## Exercise details
Among the records below, find the line that has "ひいらぎハウスの玄関を正面に、"; from there, give the lines again exactly, and stop after the line that has "Давление в клапане".

## Source material
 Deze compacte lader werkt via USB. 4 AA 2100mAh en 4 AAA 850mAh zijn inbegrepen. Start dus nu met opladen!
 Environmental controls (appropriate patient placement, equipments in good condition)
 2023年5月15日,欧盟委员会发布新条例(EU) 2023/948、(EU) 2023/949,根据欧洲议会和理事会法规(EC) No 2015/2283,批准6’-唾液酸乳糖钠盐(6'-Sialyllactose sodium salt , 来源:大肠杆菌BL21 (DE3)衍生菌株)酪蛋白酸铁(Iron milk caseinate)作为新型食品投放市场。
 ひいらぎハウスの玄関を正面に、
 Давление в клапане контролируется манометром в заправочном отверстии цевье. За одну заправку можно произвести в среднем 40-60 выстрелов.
---
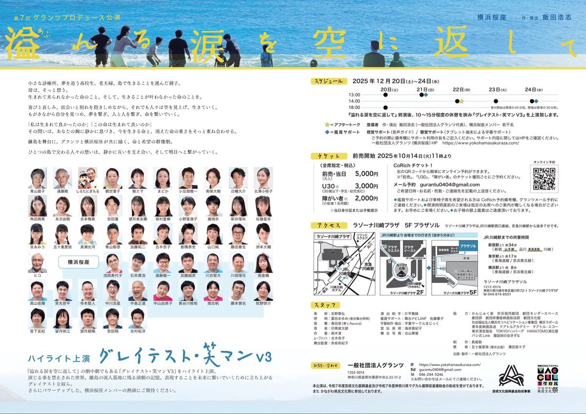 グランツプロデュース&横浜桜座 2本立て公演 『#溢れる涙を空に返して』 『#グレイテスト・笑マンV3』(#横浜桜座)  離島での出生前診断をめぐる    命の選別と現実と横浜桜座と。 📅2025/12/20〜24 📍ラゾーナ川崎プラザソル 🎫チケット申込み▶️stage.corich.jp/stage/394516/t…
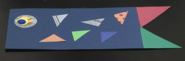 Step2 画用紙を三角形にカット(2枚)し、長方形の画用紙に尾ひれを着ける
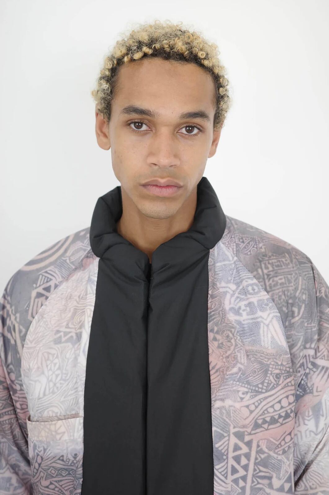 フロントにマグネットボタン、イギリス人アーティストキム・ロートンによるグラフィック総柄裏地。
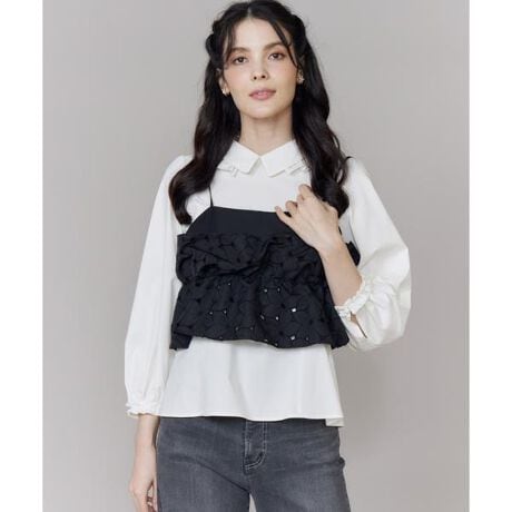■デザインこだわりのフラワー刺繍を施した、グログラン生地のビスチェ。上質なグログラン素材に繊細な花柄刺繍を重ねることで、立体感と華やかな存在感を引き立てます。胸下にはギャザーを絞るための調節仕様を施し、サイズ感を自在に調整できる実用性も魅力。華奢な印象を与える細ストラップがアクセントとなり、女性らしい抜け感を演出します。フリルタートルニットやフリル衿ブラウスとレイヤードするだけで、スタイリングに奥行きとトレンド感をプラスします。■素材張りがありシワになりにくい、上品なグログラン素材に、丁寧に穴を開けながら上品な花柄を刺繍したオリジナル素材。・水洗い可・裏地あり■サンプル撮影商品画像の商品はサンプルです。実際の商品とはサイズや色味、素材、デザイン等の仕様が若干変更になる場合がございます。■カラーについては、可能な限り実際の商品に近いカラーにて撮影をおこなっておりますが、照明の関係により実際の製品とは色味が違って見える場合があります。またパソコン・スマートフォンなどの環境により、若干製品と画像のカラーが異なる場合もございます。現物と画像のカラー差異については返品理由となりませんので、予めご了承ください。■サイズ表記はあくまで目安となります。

## Result below
 ひいらぎハウスの玄関を正面に、
 Давление в клапане контролируется манометром в заправочном отверстии цевье. За одну заправку можно произвести в среднем 40-60 выстрелов.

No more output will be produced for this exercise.